EXTRACTED MATERIAL Block Start

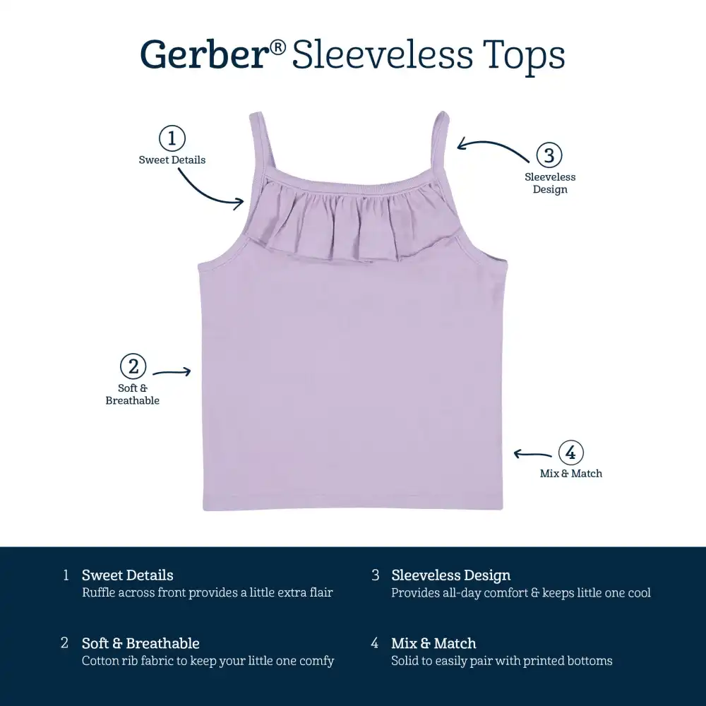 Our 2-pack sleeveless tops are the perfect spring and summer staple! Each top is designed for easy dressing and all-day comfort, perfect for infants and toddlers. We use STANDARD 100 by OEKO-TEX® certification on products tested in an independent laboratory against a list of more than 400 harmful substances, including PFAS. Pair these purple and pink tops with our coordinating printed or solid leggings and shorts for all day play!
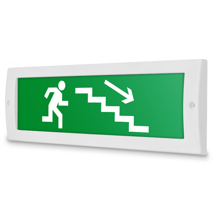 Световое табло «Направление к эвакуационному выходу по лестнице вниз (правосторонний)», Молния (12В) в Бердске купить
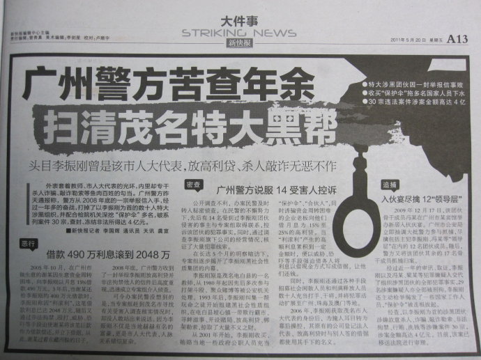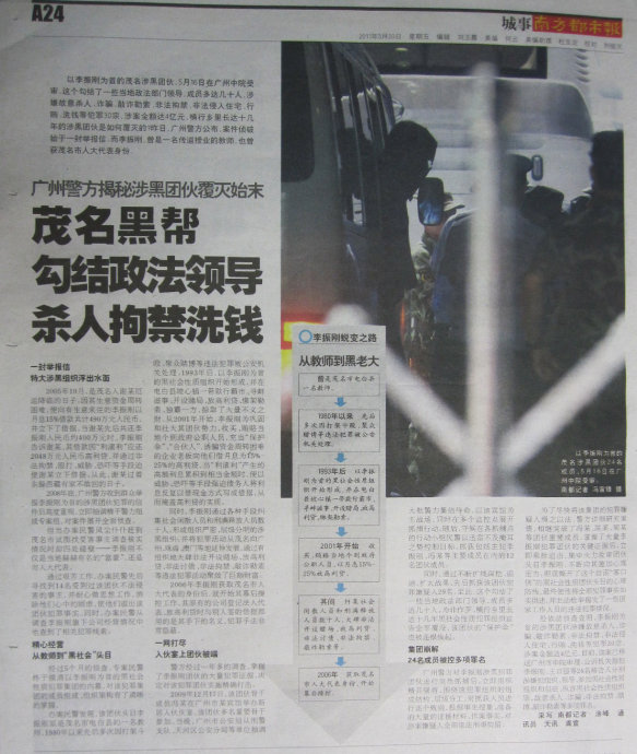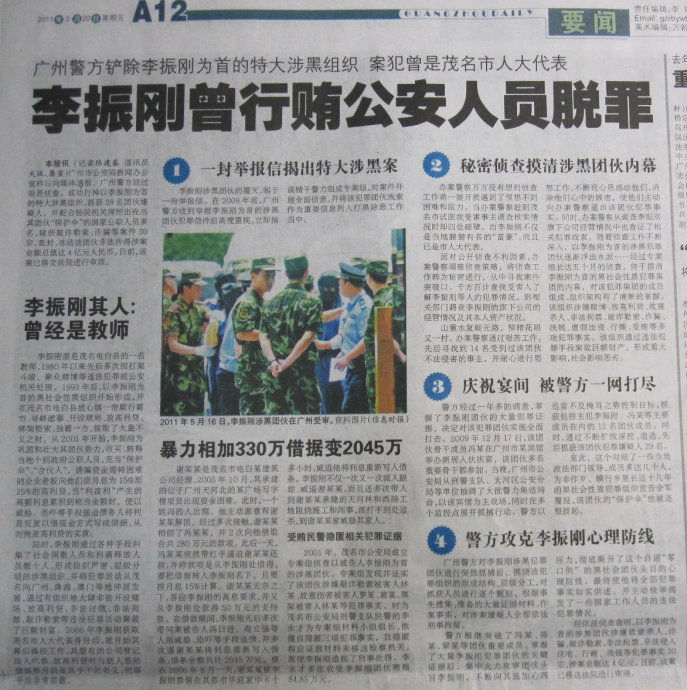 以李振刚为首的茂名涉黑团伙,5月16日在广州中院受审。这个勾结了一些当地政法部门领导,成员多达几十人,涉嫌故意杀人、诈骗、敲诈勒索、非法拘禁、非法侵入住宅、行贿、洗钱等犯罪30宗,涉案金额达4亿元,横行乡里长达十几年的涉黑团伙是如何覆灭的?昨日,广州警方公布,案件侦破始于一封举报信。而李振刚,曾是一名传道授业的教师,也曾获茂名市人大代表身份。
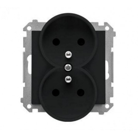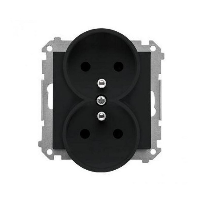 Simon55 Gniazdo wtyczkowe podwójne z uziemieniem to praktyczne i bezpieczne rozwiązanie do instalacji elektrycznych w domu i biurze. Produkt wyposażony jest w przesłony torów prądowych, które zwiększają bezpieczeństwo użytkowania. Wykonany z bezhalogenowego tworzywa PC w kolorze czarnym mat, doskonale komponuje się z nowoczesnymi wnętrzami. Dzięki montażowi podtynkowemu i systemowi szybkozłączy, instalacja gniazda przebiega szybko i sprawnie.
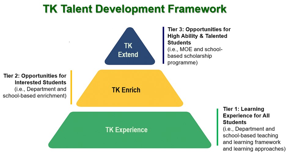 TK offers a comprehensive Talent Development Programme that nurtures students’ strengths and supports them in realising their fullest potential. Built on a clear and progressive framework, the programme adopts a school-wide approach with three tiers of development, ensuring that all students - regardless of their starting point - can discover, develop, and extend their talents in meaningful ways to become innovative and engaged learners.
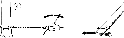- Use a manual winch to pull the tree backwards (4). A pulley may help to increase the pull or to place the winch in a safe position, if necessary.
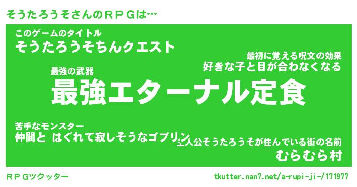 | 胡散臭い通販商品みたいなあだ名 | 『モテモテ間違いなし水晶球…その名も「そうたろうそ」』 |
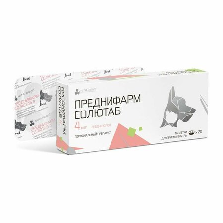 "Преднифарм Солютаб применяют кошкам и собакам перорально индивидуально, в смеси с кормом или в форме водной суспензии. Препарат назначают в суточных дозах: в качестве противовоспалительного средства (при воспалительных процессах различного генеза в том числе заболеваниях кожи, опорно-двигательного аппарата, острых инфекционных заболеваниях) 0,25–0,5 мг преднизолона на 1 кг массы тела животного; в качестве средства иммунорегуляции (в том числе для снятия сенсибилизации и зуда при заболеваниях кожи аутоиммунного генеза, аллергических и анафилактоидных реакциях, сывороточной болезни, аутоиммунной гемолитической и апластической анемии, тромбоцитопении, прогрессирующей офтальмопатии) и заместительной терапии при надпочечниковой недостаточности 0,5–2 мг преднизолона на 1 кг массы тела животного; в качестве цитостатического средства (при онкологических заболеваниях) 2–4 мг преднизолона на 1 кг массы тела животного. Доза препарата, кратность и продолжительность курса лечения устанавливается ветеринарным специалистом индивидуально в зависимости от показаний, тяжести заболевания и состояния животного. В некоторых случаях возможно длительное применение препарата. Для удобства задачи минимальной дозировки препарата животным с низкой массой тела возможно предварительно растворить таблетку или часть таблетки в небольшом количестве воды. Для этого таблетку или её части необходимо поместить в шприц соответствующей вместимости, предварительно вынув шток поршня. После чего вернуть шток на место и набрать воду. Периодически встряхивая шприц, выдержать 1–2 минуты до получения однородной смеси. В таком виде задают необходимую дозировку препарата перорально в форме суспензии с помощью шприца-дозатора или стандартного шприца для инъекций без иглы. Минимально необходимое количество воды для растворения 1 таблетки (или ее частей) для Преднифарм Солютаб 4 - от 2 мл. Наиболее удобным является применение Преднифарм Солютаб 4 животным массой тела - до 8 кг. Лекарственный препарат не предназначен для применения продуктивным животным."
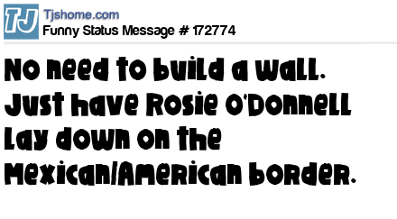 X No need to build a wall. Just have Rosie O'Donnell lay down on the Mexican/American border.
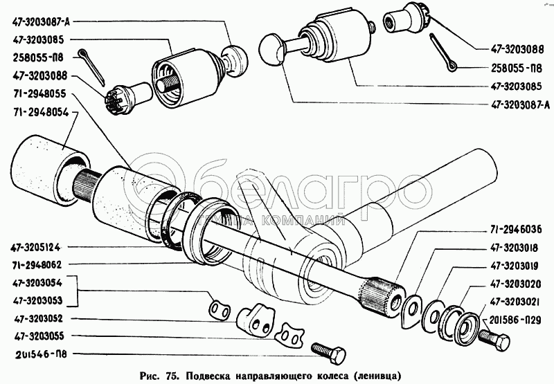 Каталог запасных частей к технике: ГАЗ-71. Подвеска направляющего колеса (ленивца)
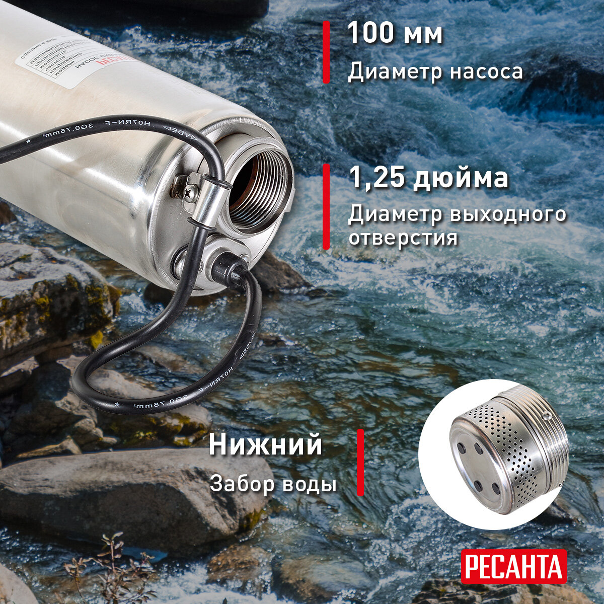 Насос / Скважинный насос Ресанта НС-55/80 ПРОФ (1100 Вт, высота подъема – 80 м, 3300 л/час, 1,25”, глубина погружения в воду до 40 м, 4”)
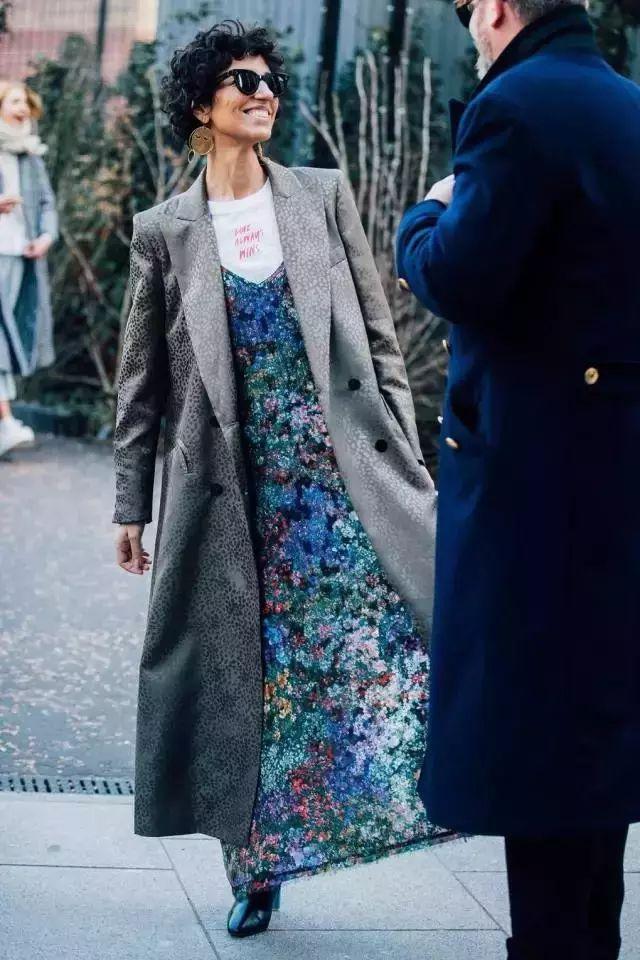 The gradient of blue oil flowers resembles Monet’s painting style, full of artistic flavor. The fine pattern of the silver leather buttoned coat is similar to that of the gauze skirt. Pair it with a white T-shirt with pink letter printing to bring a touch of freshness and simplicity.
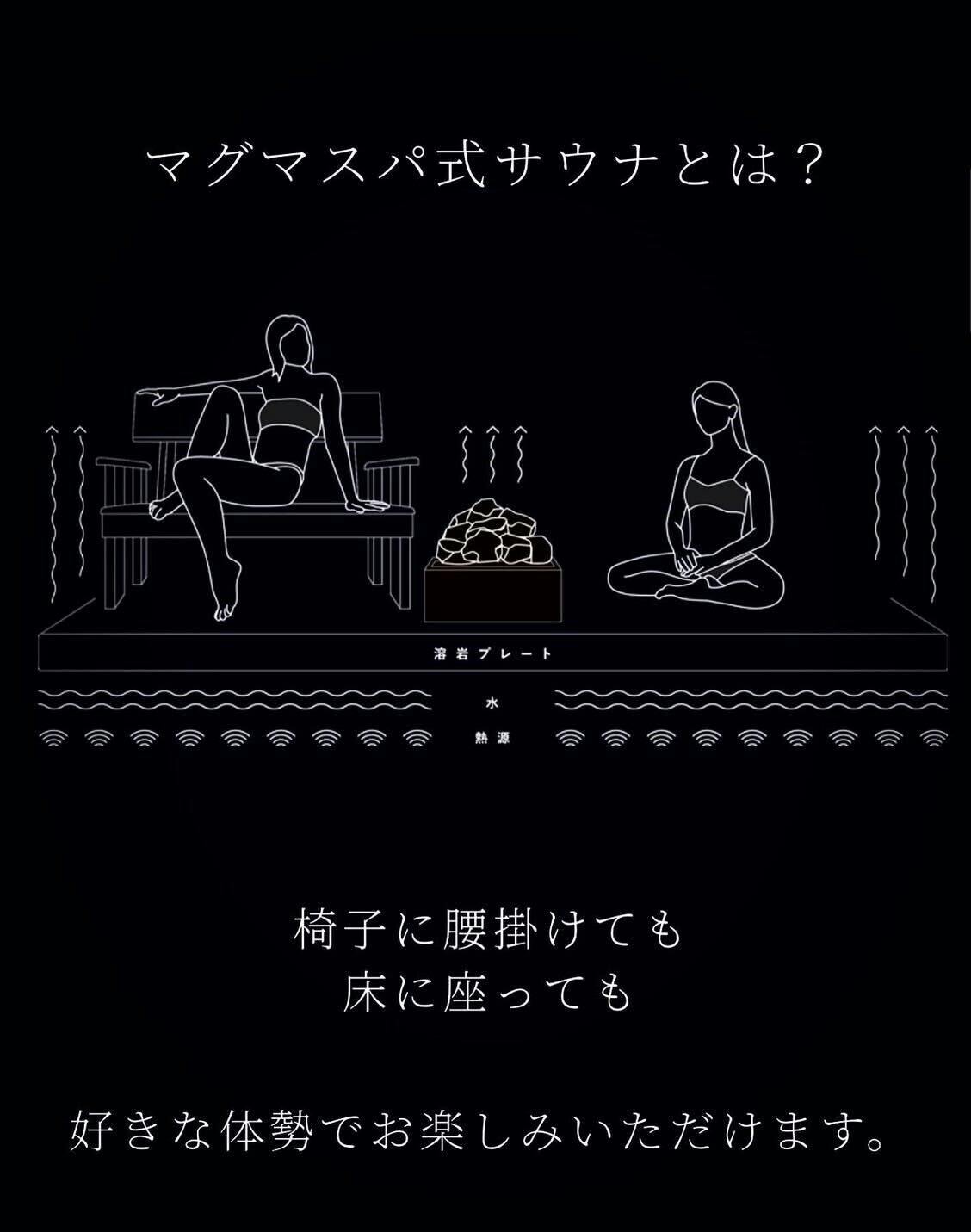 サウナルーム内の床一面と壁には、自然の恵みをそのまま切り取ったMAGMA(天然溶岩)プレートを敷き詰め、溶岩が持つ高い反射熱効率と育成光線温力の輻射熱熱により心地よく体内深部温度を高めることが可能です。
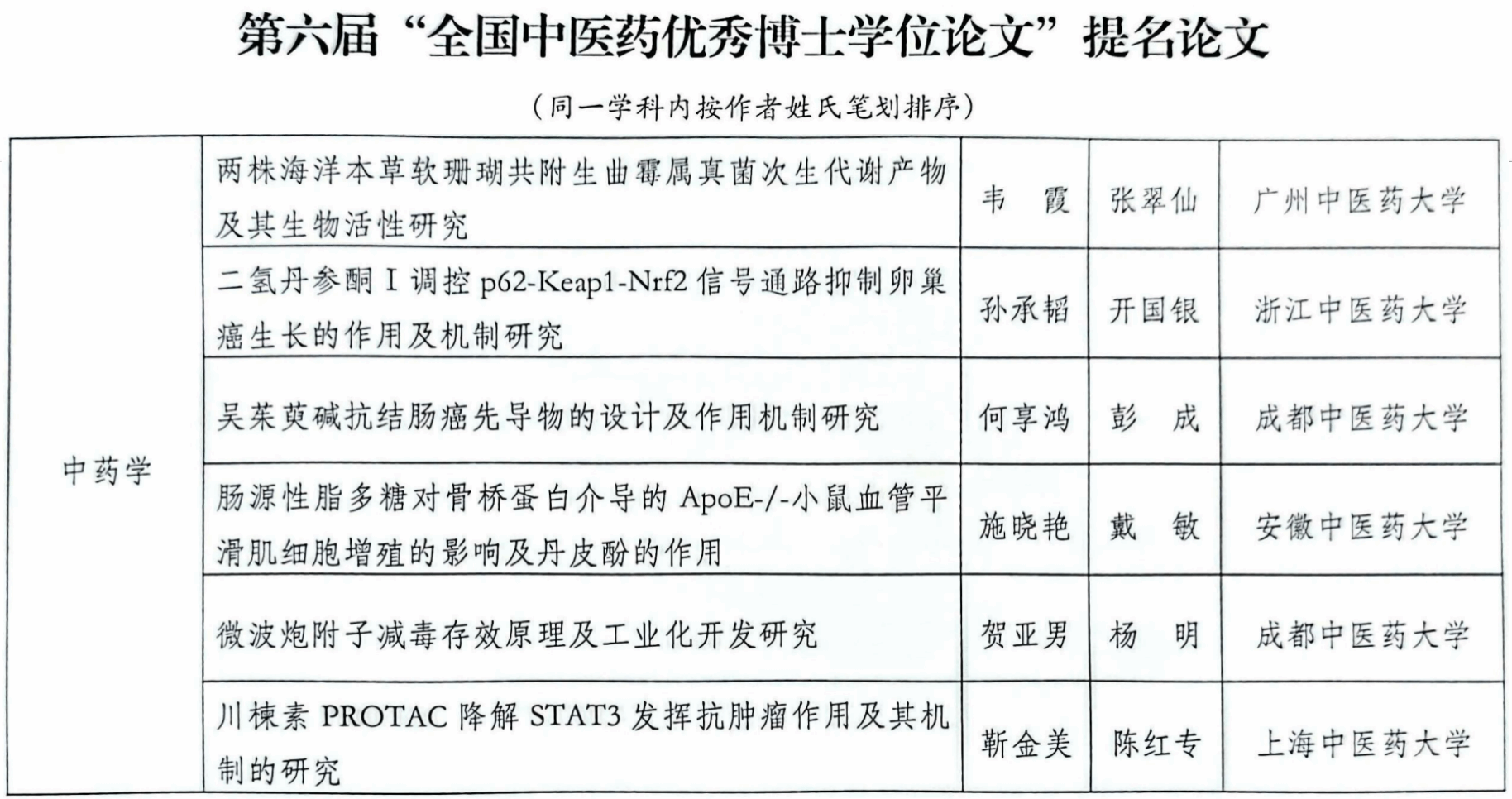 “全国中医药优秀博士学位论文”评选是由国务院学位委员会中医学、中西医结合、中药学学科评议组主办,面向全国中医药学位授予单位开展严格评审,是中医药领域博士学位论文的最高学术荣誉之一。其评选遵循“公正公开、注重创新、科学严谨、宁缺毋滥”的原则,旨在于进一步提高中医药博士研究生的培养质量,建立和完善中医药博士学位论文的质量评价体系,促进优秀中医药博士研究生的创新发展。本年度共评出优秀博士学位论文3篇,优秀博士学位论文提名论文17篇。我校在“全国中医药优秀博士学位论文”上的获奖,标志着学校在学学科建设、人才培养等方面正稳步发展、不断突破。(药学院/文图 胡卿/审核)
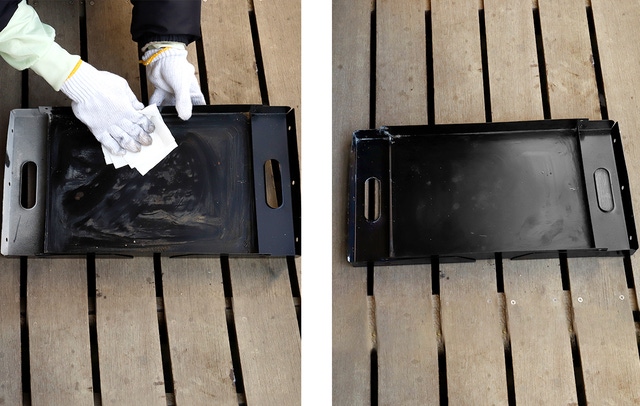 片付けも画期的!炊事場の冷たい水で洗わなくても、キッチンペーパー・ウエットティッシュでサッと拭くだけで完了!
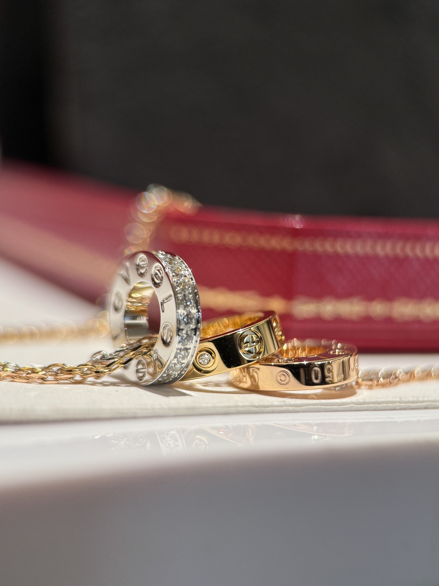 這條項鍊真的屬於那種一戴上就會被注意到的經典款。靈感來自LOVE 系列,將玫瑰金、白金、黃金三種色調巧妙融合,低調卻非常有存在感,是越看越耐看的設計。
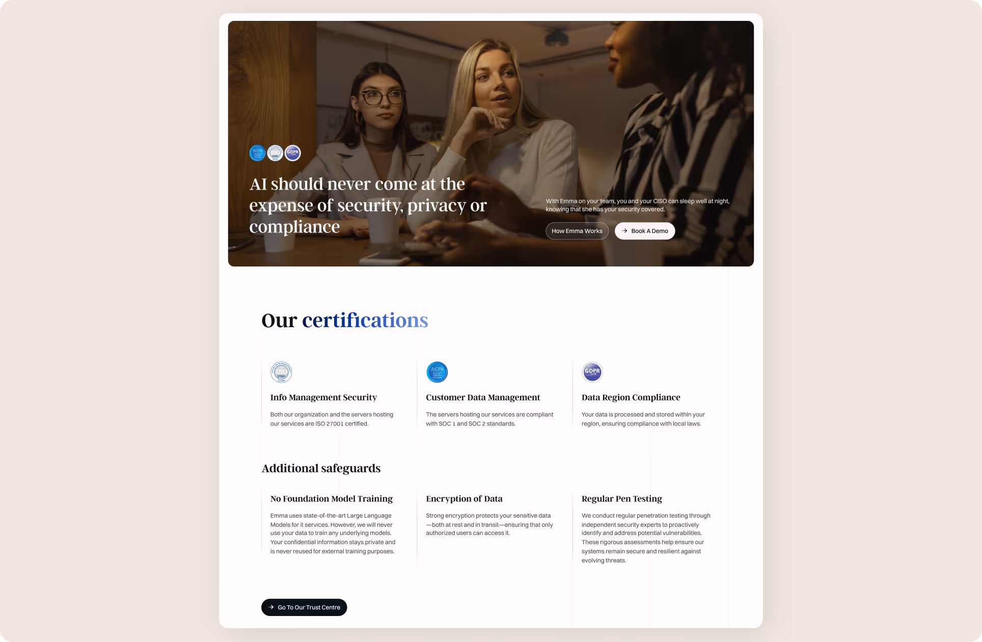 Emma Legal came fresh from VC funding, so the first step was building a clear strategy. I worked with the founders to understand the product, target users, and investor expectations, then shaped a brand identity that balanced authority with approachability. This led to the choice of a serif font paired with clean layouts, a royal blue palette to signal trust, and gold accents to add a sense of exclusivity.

EXTRACTED MATERIAL Block End

» **WHAT YOU HAVE TO DO**
Each line between the one holding "X No need to" and the one holding "Насос / Скважинный", inclusive, should be copied exactly as it appears above, and pictures should be omitted.

» **SOLUTION TO THIS PROBLEM**
 X No need to build a wall. Just have Rosie O'Donnell lay down on the Mexican/American border.
 Каталог запасных частей к технике: ГАЗ-71. Подвеска направляющего колеса (ленивца)
 Насос / Скважинный насос Ресанта НС-55/80 ПРОФ (1100 Вт, высота подъема – 80 м, 3300 л/час, 1,25”, глубина погружения в воду до 40 м, 4”)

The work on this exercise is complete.